发布于 2025-01-01 12:38:42 字数 7519 浏览 0 评论 0 收藏 0

让我们从幂方法开始，它找到一个特征向量。只是一个特征向量有什么用？你可能想知道。这实际上是 PageRank 的基础（阅读价值 25,000,000,000 美元的 Eigenvector：Google 背后的线性代数来了解更多信息）

我们将使用来自 DBpedia 的维基百科链接数据集，而不是试图排名互联网上所有网站的重要性。 DBpedia 提供 125 种语言的结构化维基百科数据。

“完整的 DBpedia 数据集包含用于 125 种不同语言的 3800 万个标签和摘要，2520 万个图像链接和 2980 万个外部网页的链接；8090 万个维基百科类别的链接，4120 万个 YAGO 类别的链接” - 关于 DBpedia

今天的课程灵感来自这个 SciKit 学习示例。

导入

import os, numpy as np, pickle
from bz2 import BZ2File
from datetime import datetime
from pprint import pprint
from time import time
from tqdm import tqdm_notebook
from scipy import sparse

from sklearn.decomposition import randomized_svd
from sklearn.externals.joblib import Memory
from urllib.request import urlopen

下载数据

我们拥有的数据是：

重定向：重定向到其他 URL 的 URL
链接：哪些页面链接到哪些其他页面

注意：这需要一段时间。

PATH = 'data/dbpedia/'
URL_BASE = 'http://downloads.dbpedia.org/3.5.1/en/'
filenames = ["redirects_en.nt.bz2", "page_links_en.nt.bz2"]

for filename in filenames:
    if not os.path.exists(PATH+filename):
        print("Downloading '%s', please wait..." % filename)
        open(PATH+filename, 'wb').write(urlopen(URL_BASE+filename).read())

redirects_filename = PATH+filenames[0]
page_links_filename = PATH+filenames[1]

图的邻接矩阵

我们将构造一个图的邻接矩阵，表示哪个页面指向哪个页面。

来源： PageRank 和 HyperLink 生成的主题搜索

幂 $A^2$ 将为你提供，通过两步从一个页面到另一个页面有多少种方式。你可以在这些笔记中看到更详细的示例，如适用于航空旅行。

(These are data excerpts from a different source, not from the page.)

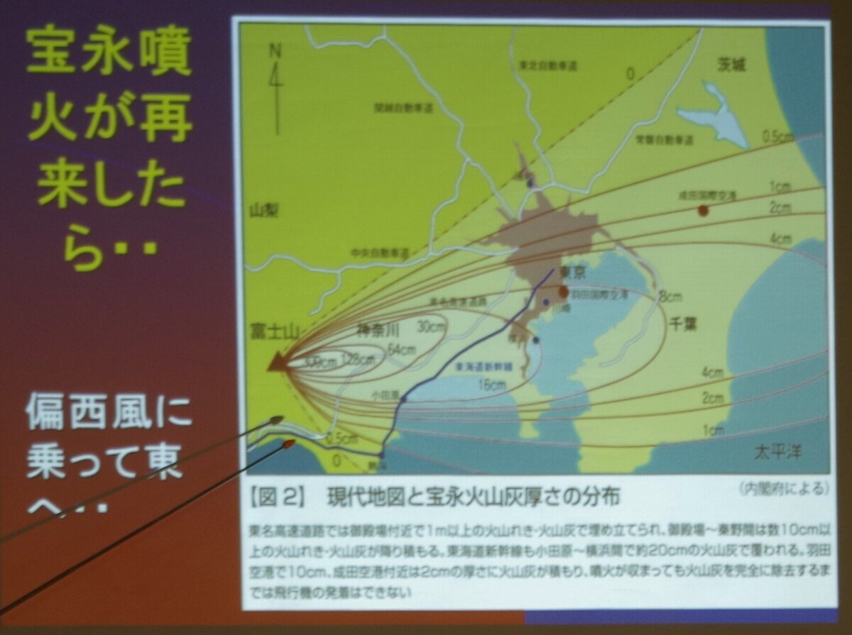 【島村】宝永火山の火山灰というのは、偏西風という西風にのって、東側へ向かった。この辺で70cm、60cmセンチ、1m、この辺でも10cm近くとなっている。火山灰が仮に首都圏まで来た場合には、例えば道路の白線が消えてしまう等の交通の大混乱が発生する恐れがある。健康被害も大変なことになる。肺の弱い方、病気気味の方は大変な影響がある。富士山は首都圏に非常に近いにも関わらず、首都圏の人は富士山の噴火を忘れていることが多い。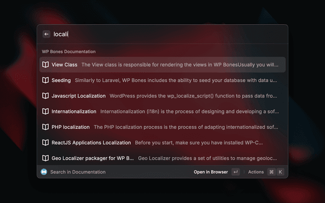 • Search in the WP Bones Documentation: Search the WP Bones documentation for a specific keyword.
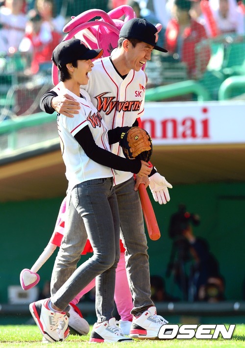 28일 오후 인천 문학구장에서 열린 2012 팔도 프로야구 삼성 라이온즈와 SK 와이번스의 한국시리즈 3차전, 시구 시타를 마친 션과 정혜영이 환하게 웃고 있다.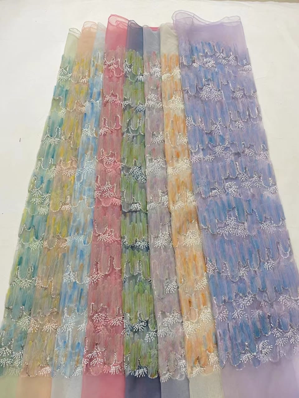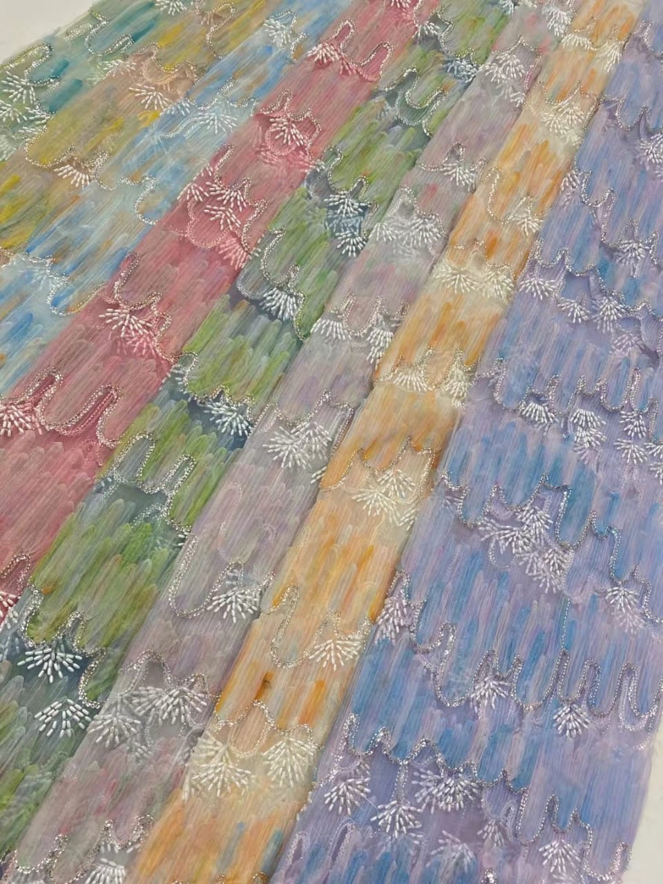This high Quality Fabric is made with Fashion embroidered rhinestones can be used in making party wedding dresses, skirts, shawls, scarves and other other fashion apparels as you would like.

我们希望跟踪哪些页面指向哪些页面。我们将它存储在一个方形矩阵中，位置 (r, c) 为 1，表示行 r 中的主题指向列 c 中的主题

你可以在此处更加了解图。

数据格式

文件中的一样看起来：

<http://dbpedia.org/resource/AfghanistanHistory> <http://dbpedia.org/property/redirect> <http://dbpedia.org/resource/History_of_Afghanistan> .

在下面的切片中， +1, -1 来删除 <> 。

DBPEDIA_RESOURCE_PREFIX_LEN = len("http://dbpedia.org/resource/")
SLICE = slice(DBPEDIA_RESOURCE_PREFIX_LEN + 1, -1)

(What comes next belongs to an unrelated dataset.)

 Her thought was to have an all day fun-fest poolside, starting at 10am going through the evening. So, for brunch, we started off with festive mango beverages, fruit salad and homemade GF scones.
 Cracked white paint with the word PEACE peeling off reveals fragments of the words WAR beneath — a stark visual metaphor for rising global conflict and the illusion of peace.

def get_lines(filename): return (line.split() for line in BZ2File(filename))

遍历重定向并创建来源到目的地的字典。

def get_redirect(targ, redirects):
    seen = set()
    while True:
        transitive_targ = targ
        targ = redirects.get(targ)
        if targ is None or targ in seen: break
        seen.add(targ)
    return transitive_targ

def get_redirects(redirects_filename):
    redirects={}
    lines = get_lines(redirects_filename)
    return {src[SLICE]:get_redirect(targ[SLICE], redirects) 
                for src,_,targ,_ in tqdm_notebook(lines, leave=False)}

redirects = get_redirects(redirects_filename)

mem_usage()

# 13.766303744

def add_item(lst, redirects, index_map, item):
    k = item[SLICE]
    lst.append(index_map.setdefault(redirects.get(k, k), len(index_map)))

limit=119077682 #5000000

# 计算整数索引映射
index_map = dict() # links->IDs
lines = get_lines(page_links_filename)
source, destination, data = [],[],[]
for l, split in tqdm_notebook(enumerate(lines), total=limit):
    if l >= limit: break
    add_item(source, redirects, index_map, split[0])
    add_item(destination, redirects, index_map, split[2])
    data.append(1)

n=len(data); n

# 119077682

查看我们的数据

以下步骤仅用于说明我们的数据中的信息及其结构。他们效率不高。

让我们看看 index_map 中的项目类型：

index_map.popitem()

# (b'1940_Cincinnati_Reds_Team_Issue', 9991173)

让我们看一下索引映射中的一个项目：

1940_Cincinnati_Reds_Team_Issue 具有索引 9991173. ，这仅在目标列表中显示一次：

[i for i,x in enumerate(source) if x == 9991173]

# [119077649]

source[119077649], destination[119077649]

# (9991173, 9991050)

现在，我们要检查哪个页面是源（具有索引 9991050）。注意：通常你不应通过搜索其值来访问字典。这是低效的，不是使用字典的方式。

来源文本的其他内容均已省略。